FIG. 3b illustrates an example physical unit illustrating that the circuitry may be contained in a small plastic case 350, sealed so that it is waterproof, and bearing a hook 352 or some other mounting means to facilitate mounting unit within a toilet bowl or urinal.

FIG. 4 shows a flow diagram of an example procedure implemented by the device at FIG. 3. Thus at step 400 the procedure inputs pressure and/or temperature data and uses this to detect the start of a urine flow onto the device (S402). The time at which the urine flow starts may be detected and recorded. This can be used to identify a medical condition, for instance, based on frequency of urination or frequency of urination during a predefined period of time (time of day/night).

Once flow has been detected the procedure begins gathering data from the accelerometer and/or turns on the acoustic sensor (microphone), S404. Data is then collected from the accelerometer and/or acoustic sensor (S406) and, in embodiments, also from the pressure sensor (S408). These data are used to determine the urine flow rate (S410), for example by integrating the X, Y and Z-axis accelerometer signals to determine a direction-insensitive flow rate and then optionally combining this, for example by weighted average, with a flow rate from the pressure sensor, to determine time series flow rate data.

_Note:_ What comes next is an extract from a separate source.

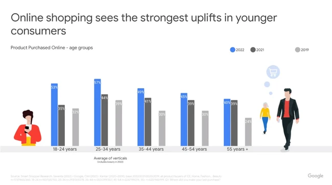 Shopping-ul online a crescut cel mai mult în categoria celor tineri în 2022: peste jumătate dintre persoanele cu vârste între 18 și 34 de ani au spus că cea mai recentă achiziție a fost online, față de în jur de 40% în urmă cu un an. În ceea ce privește dispozitivul, datele Google arată că jumătate dintre românii care cumpără online fac achiziția de pe smartphone.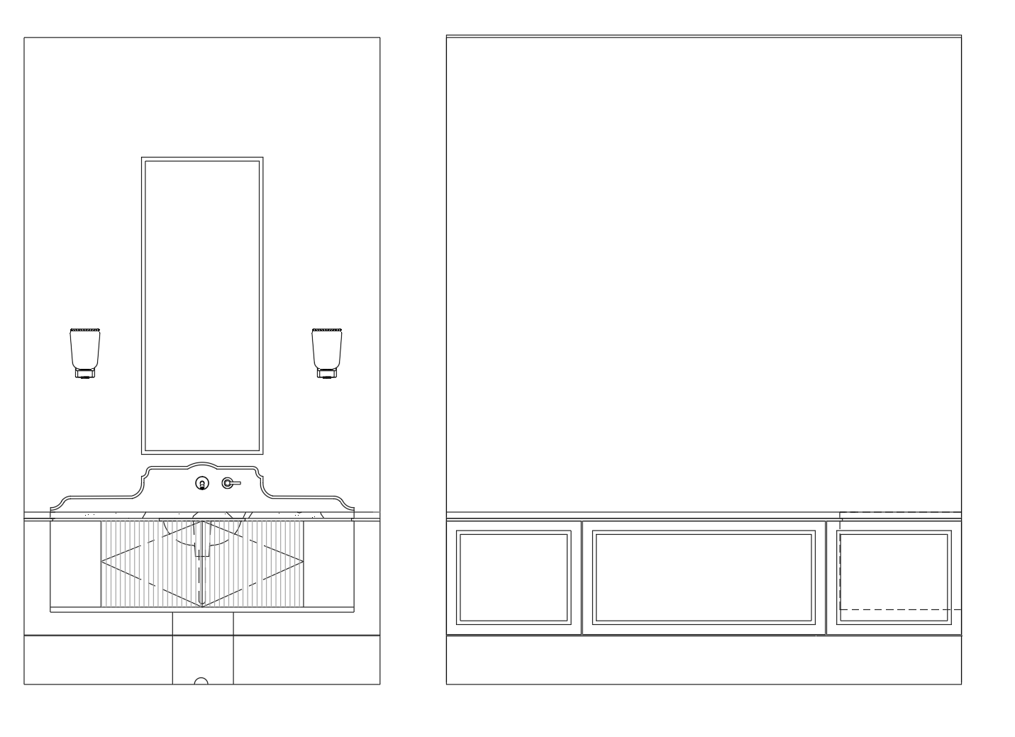 render this bathroom the left elevation is the vanity wall and the right elevation is the wall to the left side of the vanity the wainscoting will be a lacquered off white with wallpaper above

Optionally the accelerometer data may also be provided to a routine S412 which estimates the gender, for example from the standard deviation of the X-, Y- and Z-accelerometer signal components (greater for males than for females). This information may provide information to the flow-end detection procedure S402 as the male and female end of flow behaviour differs. In broad terms, therefore, embodiments of the device may estimate the user's gender, and then adapt the operation of the device in response to the user's gender, in particular to increase the accuracy of the data obtained. Although in embodiments this information is applied to end of flow detection a skilled person will appreciate that knowledge of gender may be used in other ways to improve the accuracy of the measurements.

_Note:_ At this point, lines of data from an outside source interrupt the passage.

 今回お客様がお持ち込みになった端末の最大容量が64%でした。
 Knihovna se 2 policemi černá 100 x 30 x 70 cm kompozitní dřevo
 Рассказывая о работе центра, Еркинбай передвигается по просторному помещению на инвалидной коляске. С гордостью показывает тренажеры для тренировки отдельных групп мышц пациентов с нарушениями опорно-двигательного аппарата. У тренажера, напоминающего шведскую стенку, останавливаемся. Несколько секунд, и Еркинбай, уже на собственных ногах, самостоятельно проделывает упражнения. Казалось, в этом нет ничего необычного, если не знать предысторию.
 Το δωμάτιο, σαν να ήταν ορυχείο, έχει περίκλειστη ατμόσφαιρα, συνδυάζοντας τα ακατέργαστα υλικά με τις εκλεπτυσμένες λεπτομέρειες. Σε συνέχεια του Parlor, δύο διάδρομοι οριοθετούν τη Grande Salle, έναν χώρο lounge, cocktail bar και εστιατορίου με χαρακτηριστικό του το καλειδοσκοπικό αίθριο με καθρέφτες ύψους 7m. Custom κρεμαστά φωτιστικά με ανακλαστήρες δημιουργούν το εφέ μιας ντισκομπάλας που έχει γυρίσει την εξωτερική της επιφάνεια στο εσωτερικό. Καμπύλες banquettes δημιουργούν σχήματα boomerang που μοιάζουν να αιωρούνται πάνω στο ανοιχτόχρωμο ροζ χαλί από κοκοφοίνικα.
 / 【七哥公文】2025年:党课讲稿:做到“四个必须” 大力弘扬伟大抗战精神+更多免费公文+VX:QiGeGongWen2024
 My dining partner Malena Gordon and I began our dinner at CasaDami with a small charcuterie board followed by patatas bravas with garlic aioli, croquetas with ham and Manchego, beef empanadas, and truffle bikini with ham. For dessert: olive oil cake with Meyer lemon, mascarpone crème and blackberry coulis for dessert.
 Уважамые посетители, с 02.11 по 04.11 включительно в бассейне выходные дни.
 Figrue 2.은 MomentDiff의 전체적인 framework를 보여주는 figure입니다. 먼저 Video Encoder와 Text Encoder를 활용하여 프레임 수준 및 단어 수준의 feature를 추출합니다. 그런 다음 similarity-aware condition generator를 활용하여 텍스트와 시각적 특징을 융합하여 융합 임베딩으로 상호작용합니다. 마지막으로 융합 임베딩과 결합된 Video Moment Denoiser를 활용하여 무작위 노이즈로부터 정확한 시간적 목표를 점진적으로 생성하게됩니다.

Once flow rate has been determined, the procedure identifies the absolute flow rate as a low flow rate, for example less than 10 ml/s, can indicate infection (S412). Additionally or alternatively the procedure identifies flow fluctuations. In some preferred embodiments the procedure identifies when the flow falls to substantially zero, and preferably also determines a duration or an average duration between such intervals and/or counts a number of such intervals. In particular, the duration between points at which the flow approaches zero is useful for identifying a potential infection. More particularly, where an infection is present there may be an extended period of time for which the flow is close to zero (below a threshold level). Thus there may be short intervals of flow punctuated by relatively long delays. In embodiments, therefore, the device may time the duration of one or more of such delays between intervals of flow and determine a delay or an average delay. In broad terms, the longer the delay between intervals of flow the greater the likelihood of infection and/or greater the degree of infection. The skilled person will appreciate that there are many ways to define a threshold level of flow in order to count or time durations of low flow or intervals between duration periods of flow.

In further embodiments, a gas and/or chemical sensor is/are turned on at step S404 and measure chemical concentration at step S406. This concentration data is input in step S410 to determine whether there is a potential infection.

At step 414 the procedure determines and stores/outputs infection data. As previously, this may be a simple binary bit indicating the presence or absence of potential infection. However more information may be provided, for example information indicating a degree of infection, a probability of infection, a type of potential infection, infection characterising data, raw and/or processed sensor data, and so forth. In particular, the device may include an optical sensor to provide colourimetric data (S416) and/or a temperature sensor to provide temperature data (S418).

Referring now to FIG. 5a, this shows a preferred embodiment of a sensing device 500, comprising an enclosure 502 with a pressure-sensitive front plate or membrane 504, similar to that previously described with reference to FIG. 1c. The plate 504 is mounted on a set of pressure sensors 506, for example one at each corner of the enclosure. The device includes electronics 512, including communications and a power supply. The device may include an optical (urine colour/optical density) sensor 506 (in which case the plate 504 may be clear), and a temperature sensor 510. A perspective view of the device is also shown.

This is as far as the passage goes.